• _THE DATA_
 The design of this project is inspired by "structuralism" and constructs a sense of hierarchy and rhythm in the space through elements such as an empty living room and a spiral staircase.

* * *

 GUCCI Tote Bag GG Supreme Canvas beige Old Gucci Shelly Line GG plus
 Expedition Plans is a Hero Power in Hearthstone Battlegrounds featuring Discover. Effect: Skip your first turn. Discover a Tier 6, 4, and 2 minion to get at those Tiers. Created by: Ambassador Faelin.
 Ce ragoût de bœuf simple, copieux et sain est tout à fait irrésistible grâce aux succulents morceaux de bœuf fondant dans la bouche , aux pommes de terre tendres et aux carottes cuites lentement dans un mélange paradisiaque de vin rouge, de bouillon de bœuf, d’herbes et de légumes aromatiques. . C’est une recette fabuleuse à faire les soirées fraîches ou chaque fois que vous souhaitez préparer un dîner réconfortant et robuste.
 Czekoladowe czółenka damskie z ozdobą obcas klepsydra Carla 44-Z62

• _EXERCISE_
In the listing above, find the line with "Ce ragoût de" and the line with "Czekoladowe czółenka damskie", then reproduce both and every line between them exactly.

• _WRITTEN REPLY_
 Ce ragoût de bœuf simple, copieux et sain est tout à fait irrésistible grâce aux succulents morceaux de bœuf fondant dans la bouche , aux pommes de terre tendres et aux carottes cuites lentement dans un mélange paradisiaque de vin rouge, de bouillon de bœuf, d’herbes et de légumes aromatiques. . C’est une recette fabuleuse à faire les soirées fraîches ou chaque fois que vous souhaitez préparer un dîner réconfortant et robuste.
 Czekoladowe czółenka damskie z ozdobą obcas klepsydra Carla 44-Z62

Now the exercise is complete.